British Prime Minister Theresa May and US President-elect Donald Trump discussed NATO spending in their second phone conversation since the populist tycoon stormed to victory in Washington.
Hopes of a pre-Christmas face-to-face meeting appear to have been squashed, but a Downing Street spokesperson told the Times on Wednesday that the two had agreed to meet as soon as they could and to stay in contact.
The spokesperson said the two leaders had decided “their teams should continue to build close relationships through this period, including with a meeting of their National Security Advisers in the United States before Christmas.”
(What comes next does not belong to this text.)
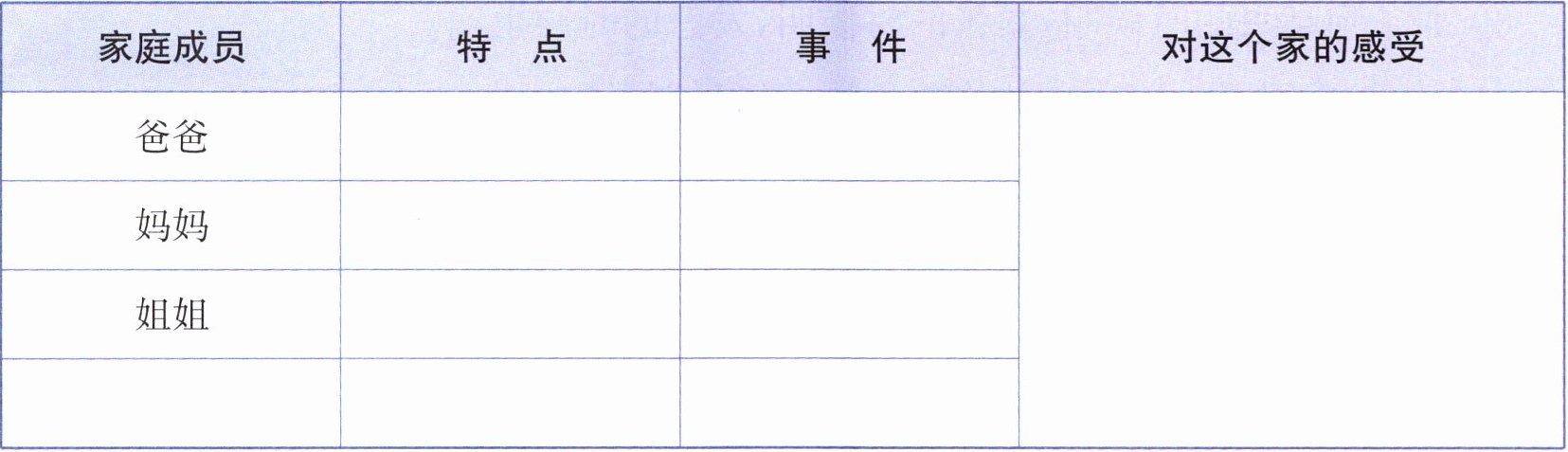 | 家庭成员 | 特 点 | 事 件 | 对这个家的感受 |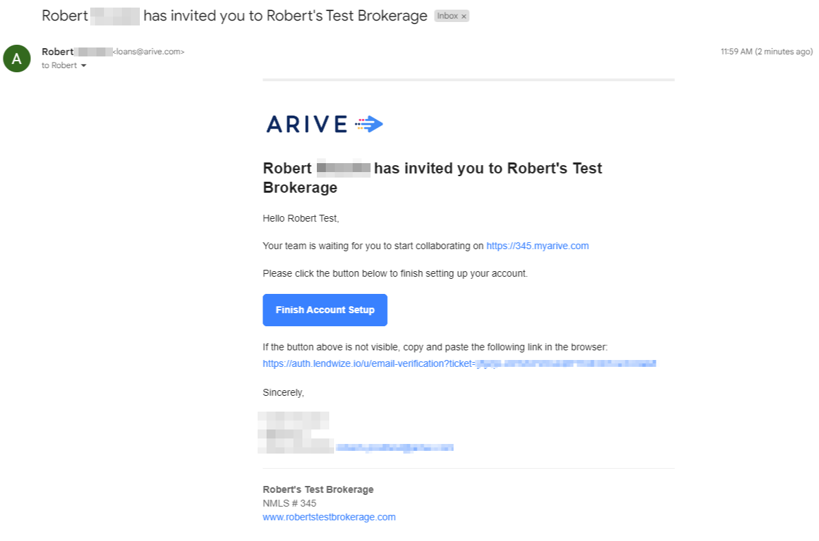 - The email will come from loans@arive.com, or from your Company Admin's integrated email account.

The two apparently discussed NATO spending, and the symbolic two percent of gross domestic product (GDP) member states are required to spend on defense.
“They discussed NATO, agreeing on the importance of the alliance, the need for more NATO members to meet the target of spending 2 percent of GDP, and the role that NATO can play in addressing diverse threats,” the spokesman said.
Trump’s foreign policy views are yet to fully crystallize, having regularly shifted – and often between extremes – over the course of the election campaign.
In late November, a UK security scholar suggested a major divergence from the post-1945 ‘special relationship’ between the two nations should not be ruled out.
Malcolm Chambers, who is deputy head of Britain’s centuries old think tank the Royal United Services Institute (RUSI), told Defense News it is “already incumbent upon the British government to begin some serious thinking on the basis of what he might do,” pointing to what he termed Trump’s “evident sympathy” for Russian President Vladimir Putin.
“There should be no taboos about discussing the possibility of a fundamental divergence of outlook with the US,” he stressed.
Other issues which are likely to define the UK-US alliance are relations with China and approaches to fighting Islamic State (IS, formerly ISIS/ISIL).